環境省との意見交換 1月8日、茨城県議会公明党は、環境省と資源エネルギー庁を訪ね、大規模太陽光発電(メガソーラー)の建設規制について、地域の現状を伝えるとともに善処を求めした。これには、井手よしひろ県議、田村けいこ県議、八島功男県議、小野泰宏つくば市議、山本美和つくば市議、浜中勝美つくば市議とつくば市担当職員が参加しました。
 茨城県では、東日本大震災以降、再生可能エネルギーに対する関心が高まり、その開発規模は全国第2位となっています。特に太陽光発電は平坦な未利用地が多く、日照時間も長いという県土の特長もあり、この3年間で10倍、100万キロワットを超え、東海第2原発の発電量以上の電力をまかなうまでに成長しています。

メガソーラーと環境破壊、防災対策
筑波山の環境破壊 しかし、ここにきて大規模太陽光発電施設の開発に関して様々な問題が浮上しています。
 特に深刻なのは自然破壊、景観破壊の問題です。さらに防災上の危険性も指摘されています。茨城県議会公明党は、去る平成27年10月28日、つくば市内と茨城町内で開発中のメガソーラ施設を現地調査しました。国定公園に指定されている筑波山の景観保護地域で、太陽光発電のパネルを設置するために、樹木が伐採されている場所がありました。この地域は県の許可なく木を伐採することは認められておらず、県は自然公園法違反にあたるとして業者に注意喚起を行いました。現場はつくば市沼田地区、つくば市街地から筑波山頂をめざす、ケーブルカーやロープウェイ、筑波温泉郷に向かういわば筑波登山、観光の目抜き通りです。すでに、山林は無残に続探され色の山肌がむき出しになっていました。雑木林約1000平方―トルが伐採されています。
 さらに、県道から少し東側に移動した場所(約9800平方メートル)では、7月に森林法に基づく民有材伐採届けがつくば市に提出されました。隣地には30年ほど前にリゾート開発が頓挫した宅地があり、合わせて1万4400平方メートルの太陽光発電設施の造成がはじまっています。重機が入り、樹木は撤去され、地肌が露出しています。開発地の真ん中には、沢の水が流れた深い溝が走っています。ここは、国定公園の特別地域外のために樹木を伐採する許可はいりません。1ヘクタール未満のために、県の林地開発許可もいりません。周辺住民からは「この辺りは昔から土砂崩れや水害の恐れがあった土地です。台風のたびに避難する家もあるほどで、防災上の配慮がない開発に不安が募ります」との心配の声が上がっています。現在、地域住民からの聴き取りによると国定公園内の特別地域には3か所、地域外には1ケ所で、すでに太陽光発電施設の造成工事が行われています。

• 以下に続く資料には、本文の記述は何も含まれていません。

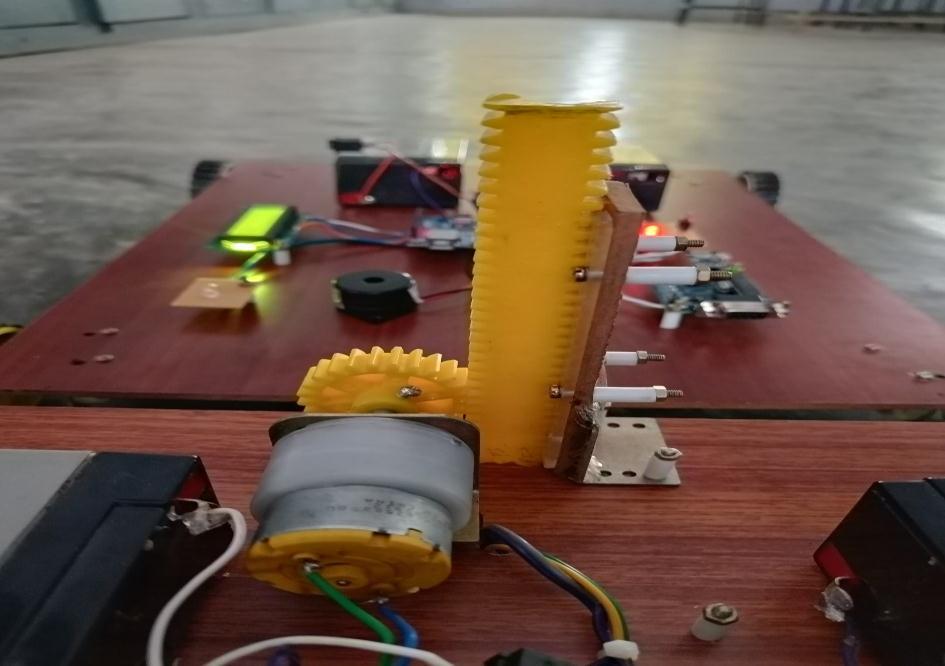 In Figure 8, the compartment separation mechanism is shown. A 12V DC motor is used to separate one compartmentfromanother.Agearwheeliscoupledwiththe DCmotorwhichisusedtoseparatetheotherunit.

鬼怒川若宮戸地区の越水もメガソーラーの建設が要因と指摘も
若宮戸の越水現場 また、平成27年9月10日発生した関東・東北豪雨においても、常総市若宮戸地区で鬼怒川の越水箇所において、大規模太陽光発電の事業者が無堤防地域において、その役割を果たしていた砂丘部を削ったため被害が拡大したとの指摘もなされています。
若宮戸地区の鬼怒川には、約1キロにわたって堤防がなく、林になった砂丘の「自然堤防」があるのみです。その一部を、太陽光発電の設置業者が高さ約2メートルを崩し、国交省は土のうを積んで応急処置していました。越水はそこで発生し、住宅が浸水しました。
 住民は災害前から、自然堤防掘削の危険性を行政に指摘してきました。鬼怒川を管理する国土交通省下館河川事務所では「河川法で規制できる河川区域を外れているうえ民有地。掘削中止を『お願い』するしかなかった」と説明しています。常総市も太陽光発電の規制権限を持たず、住民は「国は法律の適用外、市は管轄外と言う。洪水はその行政の穴を突かれて発生した。不作為の責任がある」と指摘しています。
 さらに、つくば市内の開発事業者の一つと若宮戸の事業者が同じ法人でなのではないかとの指摘もあり、何らかの対応が必要であるとの地域住民の声が高まっています。

環境省と資源エネルギー庁に3点を要望
 こうした現状を鑑み、茨城県議会公明党としては、環境省と資源エネルギー庁に対して、以下3点の申し入れを行いました。
  • 大規模太陽光事業者の情報の公開を地元自治体に速やかに行うこと
  • 国立公園や国定公園など自然環境を守るべき場所への立地を制限すること
  • 地元自治体が防災上危険と判断する場所への建設を認めないいこと
 特に資源エネルギー庁は、再生可能エネルギーの固定買い取り制度(FIT)の見直しを検討しており、その法案の中に、こうした現状の制度の瑕疵を見直すよう強く求めました。